Jack In The Box, by Naylah Ahmed, will feature in the Kali Theatre Companies’ Talkback season. It champions the work of new south Asian women playwrights in a series of readings showcasing the pieces for the very first time.
The company, which has been going strong for the past 25 years, mentors writers through a development programme which provides tutorials and workshops to help nurture new talent.
Ahmed’s creation will form one of eight staged readings featuring “provocative, funny and courageous new plays”, and is the culmination of the nine-month programme.
This will be followed by two productions which are being staged for the first time.

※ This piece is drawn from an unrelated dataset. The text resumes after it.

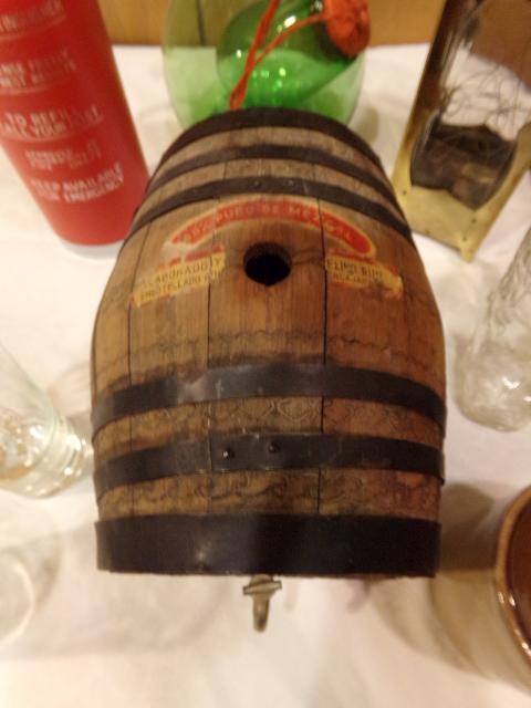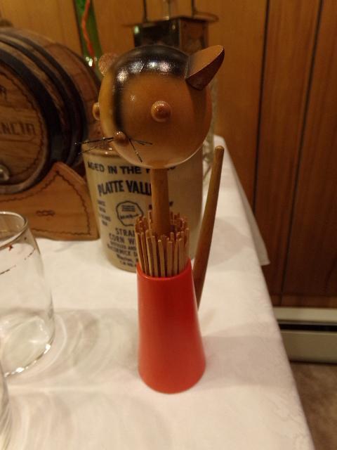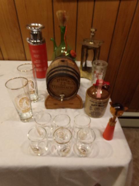 CLAY JUG, WHISKEY BARREL WITH SPIGOT & WOODEN KITTY CAT TOOTHPICK HOLDER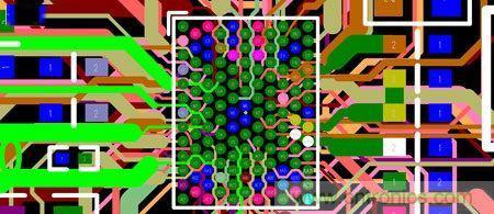本文使用的微型BGA焊盤內(nèi)過孔扇出例子采用的是0.4mm球或引線間距,PCB是18層,包括8個(gè)信號(hào)布線層。BGA布線通常要求更多的層數(shù)。但在這個(gè)例子中,層數(shù)不是問題,因?yàn)橹挥昧松倭康腂GA球。關(guān)鍵問題仍然是微型BGA的0.4mm窄間距,并且頂層除了扇出外不允許布線。目標(biāo)是既做到扇出微型BGA,又不負(fù)面影響PCB的制造。

Janet Steel is the artistic director at Kali, who also directed the contentious play Behzti over 10 years ago. It was banned because it provoked violent protests and depicted rape and murder in a Sikh temple.
Steel told Eastern Eye: “One of the themes it [Behzti] was exploring was hatred and bigotry, and it’s a shame that was silenced in itself. In real life it happened exactly as what happened in the play.
“Times have changed a lot. I like to think that wouldn’t happen again; there wasn’t anything in the play that was attacking any community whatsoever. It was a play about individuals, and in all societies you get good and bad people.
“I like to think times are different now but there are other challenges – the south Asian community is under a lot of pressure in so many ways, especially the Muslim community.
“Jack In The Box, which we hope to tour in 2017, is about a middle-aged English housewife who’s lost a son in the war. A young Muslim boy knocks on her door collecting for charity and she kidnaps him.
“Her fear of Muslims is so extreme that she wants to hurt him in the same way that she feels she’s been hurt. It’s the exploration of hatred against Muslims.”
The majority of productions which are taken on tour by Kali begin as readings. Steel explained: “The aim of the programme is to enable more south Asian women to become playwrights; it’s geared to get more of their voices into British theatre.”
“When Kali first started, there were very few south Asian women playwrights. Now there are more but still very few plays performed by Asian women in the country, and the majority of the work is the work we do. Tanika Gupta did one of her very first plays about 22 years ago at Kali.”
The artistic director said it was not difficult for theatres to be culturally diverse, but those who select new work need to “have faith and give writers the time needed to develop as playwrights”.
“They are the gatekeepers, they hold the key as to who gets a job and who doesn’t, and that’s a lot of time down to taste. It’s easy to be culturally diverse, it’s easy, you just do it,” she said.